If you’re a vocal performer (e.g., actor, singer), I’ve got a special section for you at the bottom.

This is a continuation of a series. For the days leading up to surgery and the first week after, click here; for how I decided to get this surgery, click here.

This was written over a period of three weeks, beginning with the day of the post-op.

Post-op appointment

At my post-op appointment, which was one week after my surgery, I got plastic casing out of my nose, and my doctor vacuumed all the mucus out. It was amazing, and only mildly uncomfortable. In my case, I had no scarring, and everything was looking good, so this was a pretty “standard” appointment.

They told me I was cleared for exercise, but nothing vigorous (e.g., running). Yoga, weights, anything that is not high impact or throwing your body around or turning you upside down is probably alright. They said “vigorous” exercise is okay at the two-week (from surgery) mark.

Here are some questions you may want to ask:

  • Is it okay to blow my nose, and is there anything I should know?
    • Hint: be gentle, and don’t pinch or move your nose around too much. I also heard you shouldn’t block off one side to blow through the other yet, but check with your doctor.
  • Do I still need nasal rinse, humidifier, and/or a saline spray?
    • How often should I do those things, and for how far into the future?
    • What’s the minimum and maximum degree to which I should do these things?
  • When should I know to schedule another appointment?

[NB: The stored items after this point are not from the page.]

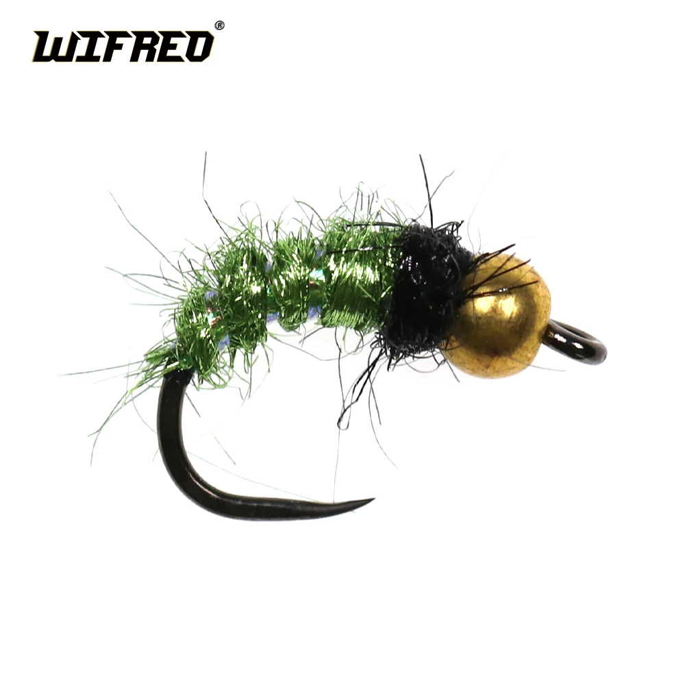 Cabeza de cuenta de latón WIFREO 6 piezas sin barra, hundimiento rápido, trucha con mosca Caddis Nymph, moscas de pesca #12, insectos artificiales, cebo de pesca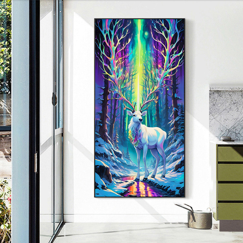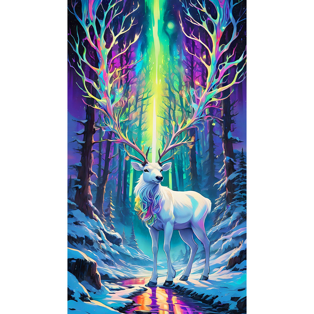 Diamond Painting - Full Round - White deer under the aurora (40*70CM)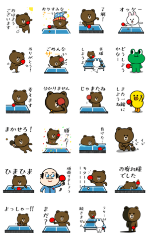 ブラウン&フレンズの卓球スタンプ。ピンポン.卓球好き.試合.ゲーム.練習.練習試合.誘い.挨拶.部活.クラブ.サークル.青春.家族.友達.先輩.後輩.先生.監督.☆ノンノノン作 ※BROWN & FRIENDS をみんなでつくろう!キャンペーン参加スタンプですノンノノン より発売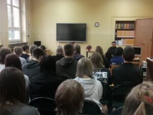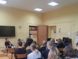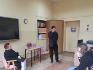 Włodzimierz Ignasiński – człowiek kultury i pisarz- gościł w bibliotece szkolnej w ramach NPRC. Uczniowie klas pierwszych technikum mieli okazję poznać piękno słowa w wykonaniu Włodzimierza Ignasińskiego oraz zapoznać się z ofertą biblioteki.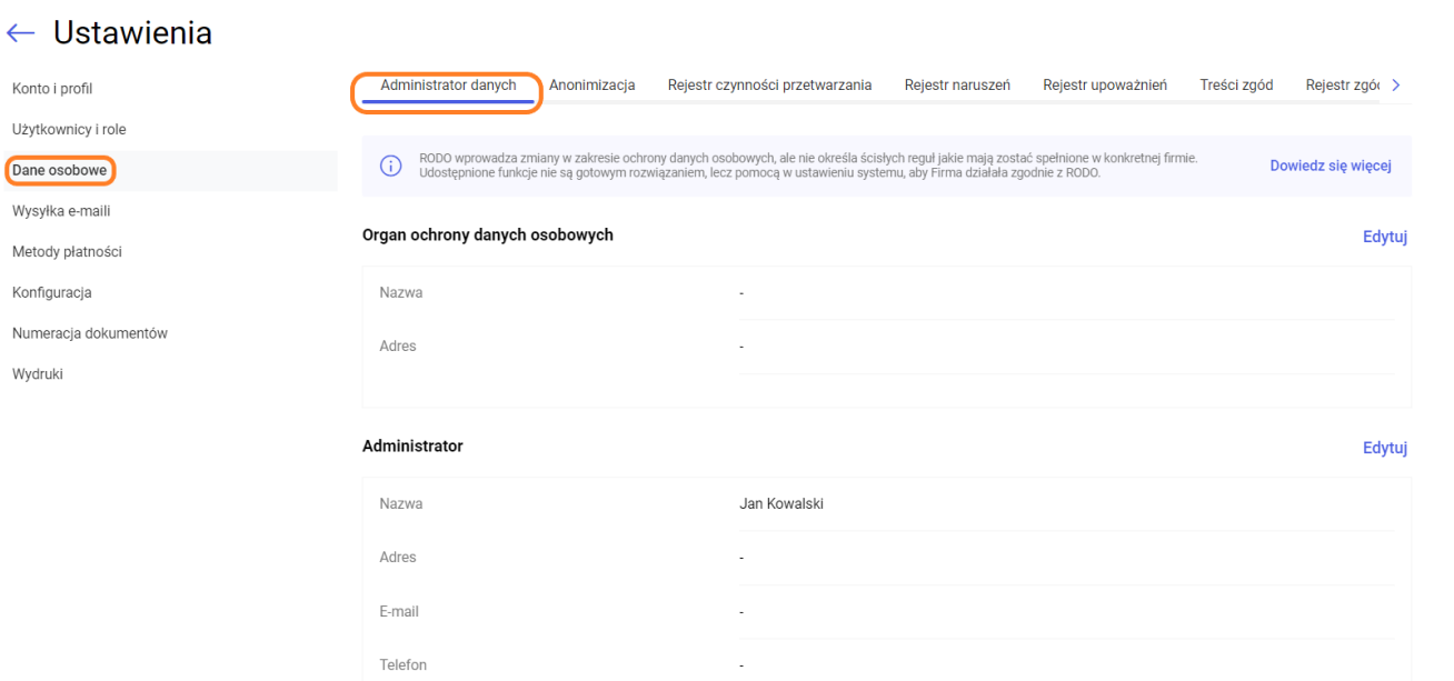 Administrator, jako główny z podmiotów, musi być uzupełniony. Pozostałe sekcje możemy pozostawić puste.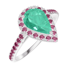 Inel Aur alb 18 carate - Smarald Pară 0.5 carate - Halo Rubin - Încrustare Rubin

If you rely on your voice for a living (e.g., you work in a call center, you’re an educator, you’re a singer or actor), before you leave, schedule your annual laryngoscopy (the video camera that looks at your voice box). It’s essential to keep a record of how our vocal folds are doing, so we can detect issues early and resolve them. I say schedule for a year out, because I’m assuming you got a scope before your surgery.

After the post-op

I had every bit of mucus and whatever else was in there vacuumed out of my face. Probably for the next 30 minutes, I needed tissues close by. After that, the mucus production lightened up little by little. At the time of writing, I still blow my nose many times throughout the day, but I’m never running for a tissue box. As a reminder, I had my deviated septum corrected, as well as my turbinates reduced, so my sinuses and nose are going through a lot of changes. I’m at my “maintenance dose” of my allergy medication (i.e., this is the time when I should start seeing results, so it’s difficult to say why I still have excess mucus. At least it comes OUT of my nose, instead of keeping me stuffed and unable to breathe at all times, so I’ll take this hands-down).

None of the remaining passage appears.